=== Supplied material ===
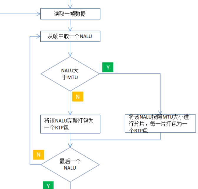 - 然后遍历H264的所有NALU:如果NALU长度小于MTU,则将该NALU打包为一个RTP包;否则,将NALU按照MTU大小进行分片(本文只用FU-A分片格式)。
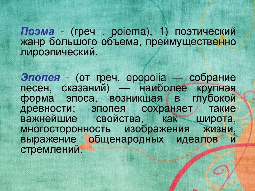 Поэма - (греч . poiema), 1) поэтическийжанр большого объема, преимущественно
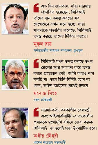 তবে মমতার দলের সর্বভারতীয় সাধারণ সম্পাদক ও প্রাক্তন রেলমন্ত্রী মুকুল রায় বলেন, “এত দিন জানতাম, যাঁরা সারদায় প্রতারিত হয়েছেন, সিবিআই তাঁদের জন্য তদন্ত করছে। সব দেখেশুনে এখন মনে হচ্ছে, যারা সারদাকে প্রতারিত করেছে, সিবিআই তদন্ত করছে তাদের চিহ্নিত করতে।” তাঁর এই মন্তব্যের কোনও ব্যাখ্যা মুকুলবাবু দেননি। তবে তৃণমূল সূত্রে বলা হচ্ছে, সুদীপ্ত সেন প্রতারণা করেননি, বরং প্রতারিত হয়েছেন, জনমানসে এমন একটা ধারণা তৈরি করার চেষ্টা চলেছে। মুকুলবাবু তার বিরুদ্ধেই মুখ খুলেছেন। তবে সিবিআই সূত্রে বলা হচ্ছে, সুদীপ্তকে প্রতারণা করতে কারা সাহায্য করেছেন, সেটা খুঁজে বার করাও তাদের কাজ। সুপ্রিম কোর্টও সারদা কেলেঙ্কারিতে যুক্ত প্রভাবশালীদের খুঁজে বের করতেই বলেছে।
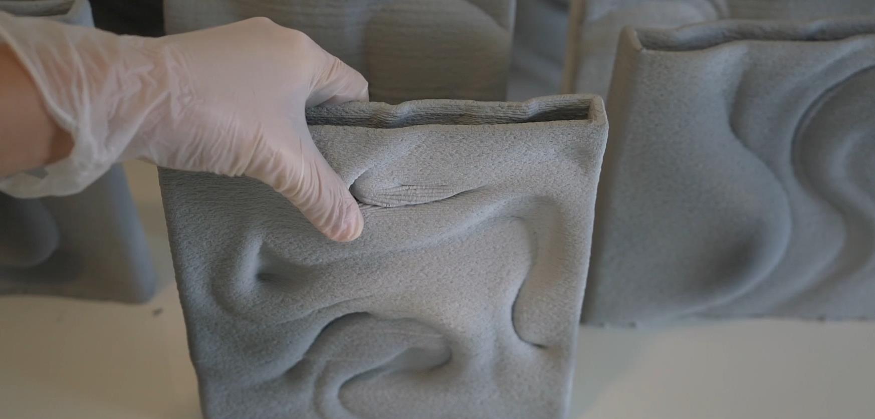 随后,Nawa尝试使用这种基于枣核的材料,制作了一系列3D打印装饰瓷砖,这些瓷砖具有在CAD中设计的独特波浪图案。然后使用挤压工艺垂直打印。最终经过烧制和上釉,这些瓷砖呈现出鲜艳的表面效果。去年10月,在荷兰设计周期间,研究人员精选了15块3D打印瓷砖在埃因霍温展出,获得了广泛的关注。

---

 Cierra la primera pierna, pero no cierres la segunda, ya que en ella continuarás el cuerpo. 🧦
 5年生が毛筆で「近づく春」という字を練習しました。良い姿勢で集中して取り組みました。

==

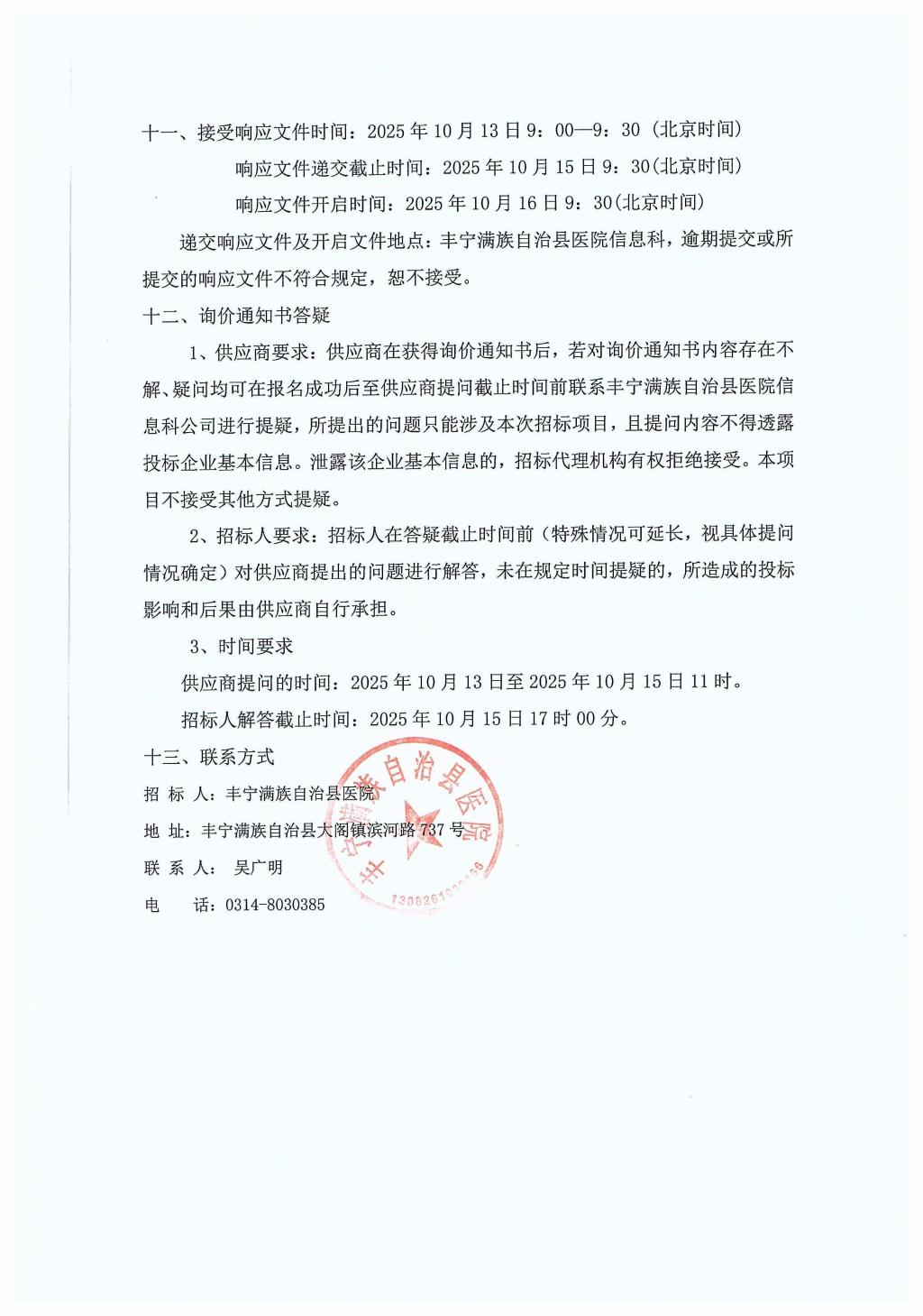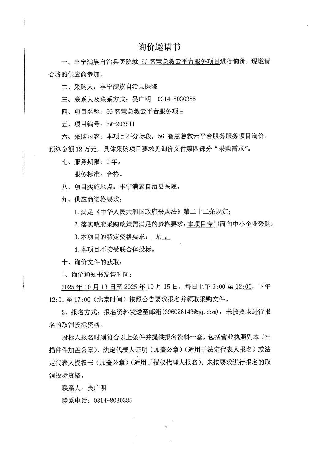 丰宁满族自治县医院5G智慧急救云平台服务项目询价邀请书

=== Work to complete ===
Going by the data above, the answer is exactly the lines from the one holding "- 然后遍历H264的所有N" to the one holding "Поэма - (греч", both kept, with the pictures left out.

=== Result for this task ===
 - 然后遍历H264的所有NALU:如果NALU长度小于MTU,则将该NALU打包为一个RTP包;否则,将NALU按照MTU大小进行分片(本文只用FU-A分片格式)。
 Поэма - (греч . poiema), 1) поэтическийжанр большого объема, преимущественно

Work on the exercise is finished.